Chapter 15

The Reset

Robyn

The patient’s room is bright with the overhead fluorescents flattening everything into sharp edges.

Another week’s gone by, and even though everything’s changed for me, nothing has at work.

Morning rounds still go the way they go, some call it necessary training, others trial by fire.

For me, it’s a bit like an intentional chipping away at your confidence by jabbing, painstaking questions designed to make you fail in front of an audience.

While the long window at the far end frames the city in glass and steel, white coats, clipped voices, and the soft shuffle of pens scribbling over paper wait in front of me.

I stand at the foot of the bed, tablet in hand, presenting the case the way I’ve done a hundred times before, voice steady enough to pass, even as something in me feels out of sync.
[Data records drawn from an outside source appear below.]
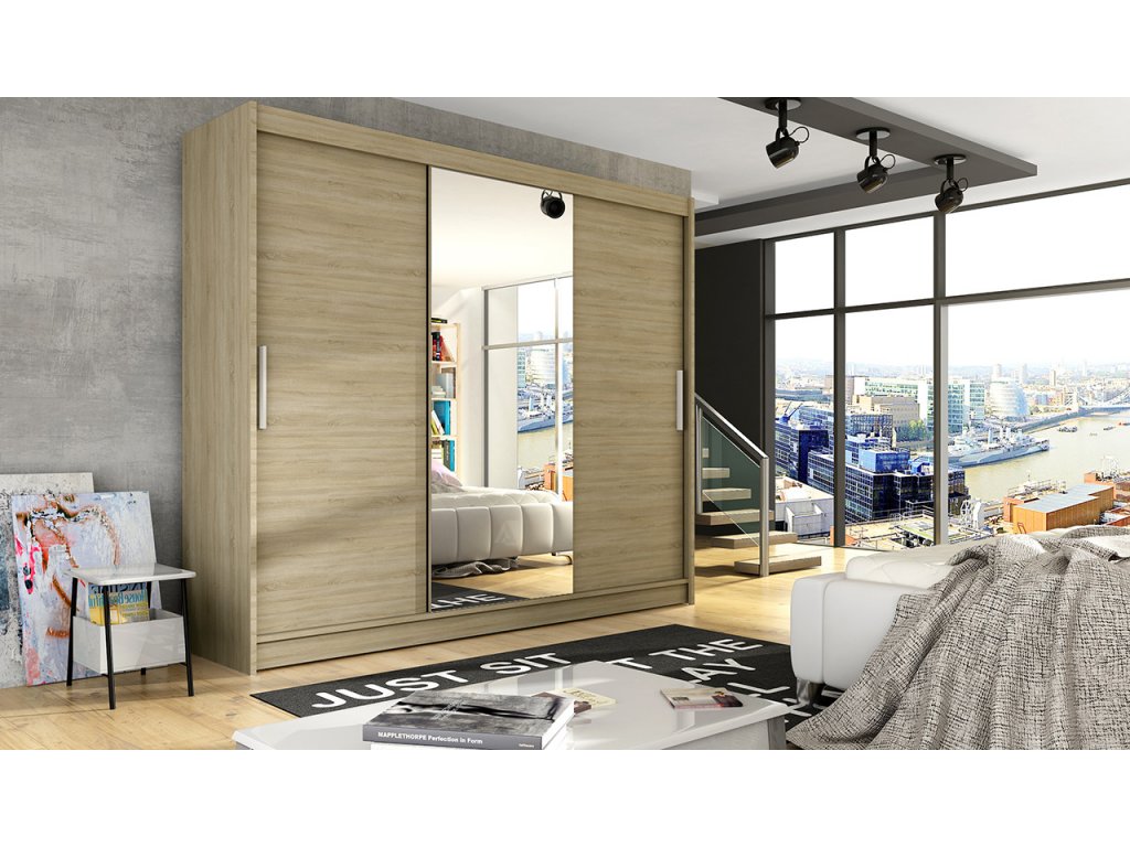 Skříň Astana s posuvnými dveřmi, je vyrobena z kvalitního lamina o síle 16 mm a hrany jsou ukončeny ABS lištou. Vodící lišty jsou vyrobeny z odolného hliníku a splňují požadavky pro každodenní užívání. Na prostředních dveřích skříně je nalepené zrcadlo, které místnost opticky zvětší a prosvětlí. Skříň nabízíme ve čtyřech odstínech. Díky svým rozměrům a uspořádání poskytuje dostatek úložného prostoru. Skříň je dodávána v demontu a součástí je montážní plánek včetně všech potřebných spojovacích materiálů. Vyobrazené dekorace nejsou v ceně. Skleněné zrcadlo je součástí skříně.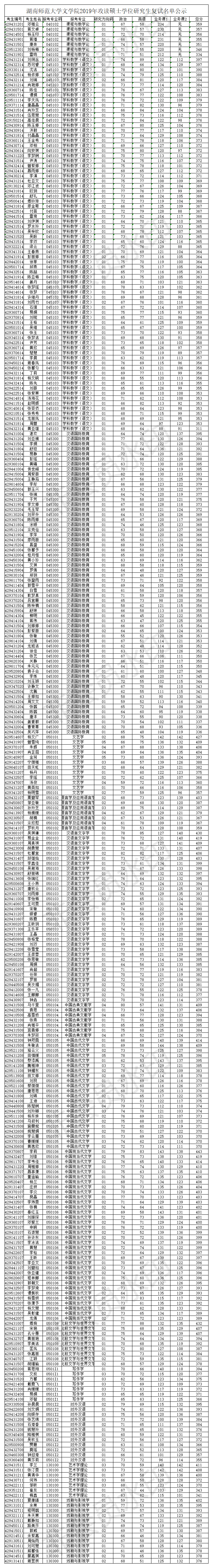 1946伟德国际源自英国2019年攻读硕士学位研究生复试名单公示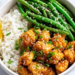 This Air Fryer Lemon Chicken recipe offers a deliciously tangy and crispy chicken dish made easy with the convenience of an air fryer. The chicken is marinated, coated in a double layer of flour and egg, then air fried to golden perfection before being tossed in a bright, sweet, and savory lemon sauce. Garnished with fresh green onions, this recipe is perfect for a quick weeknight dinner that’s full of flavor and minimal oil.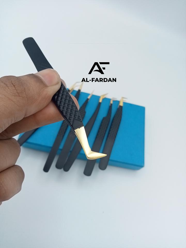 Pince d'extension de cils en acier inoxydable noir et doré faite à la main Logo personnalisé Fibre Nano Grip avec pointe pointue
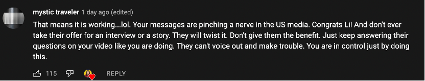 优兔网友mystic traveler说:“《纽约时报》对你的攻击说明你说出了真相,你传达的信息揭穿了美国媒体的谎言,祝贺你菁菁!不用花费工夫去接受他们的采访,因为他们会歪曲你所说的,不要让他们得逞。你可以就像现在这样,通过制作视频去回应他们,他们没法找你的麻烦,你做得非常好。”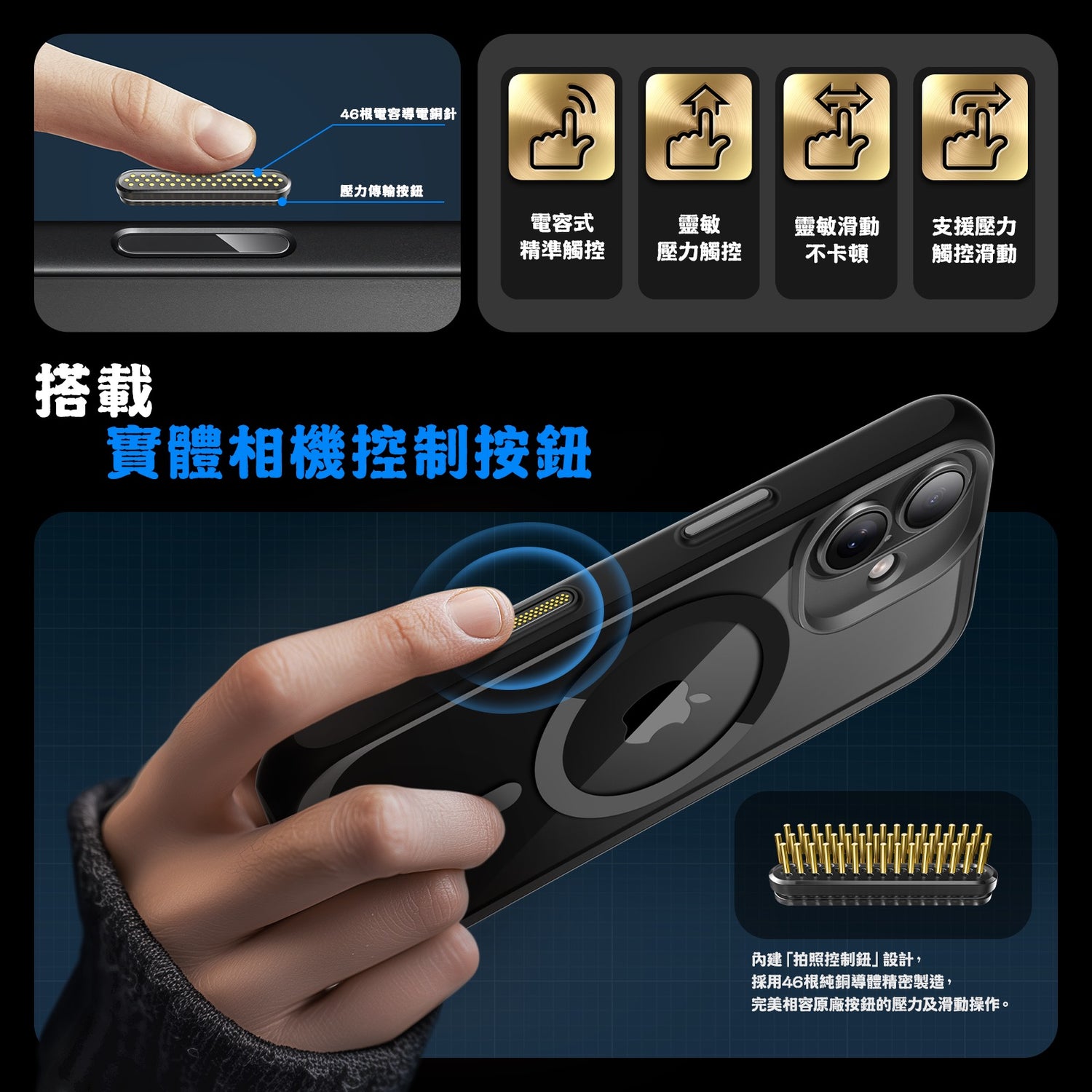 - 相機控制按鍵金屬接點設計,快速啟動、操作相機更方便

“Thirty-two-year-old female presenting with recurrent episodes of vertigo—” I begin, eyes flicking once, just once, toward the window, where the light catches on a familiar facade. The stone of the Chicago Tribune building cuts through the skyline with ornate and deliberate quality.

I’m yanked to a date with Nate, four, maybe five months into our relationship.

We were walking downtown, shoulder to shoulder.

When the Chicago Tribune came into view, he drifted a step ahead without realizing it, hands already moving as he talked, because he couldn’t help himself when it comes to things he loves.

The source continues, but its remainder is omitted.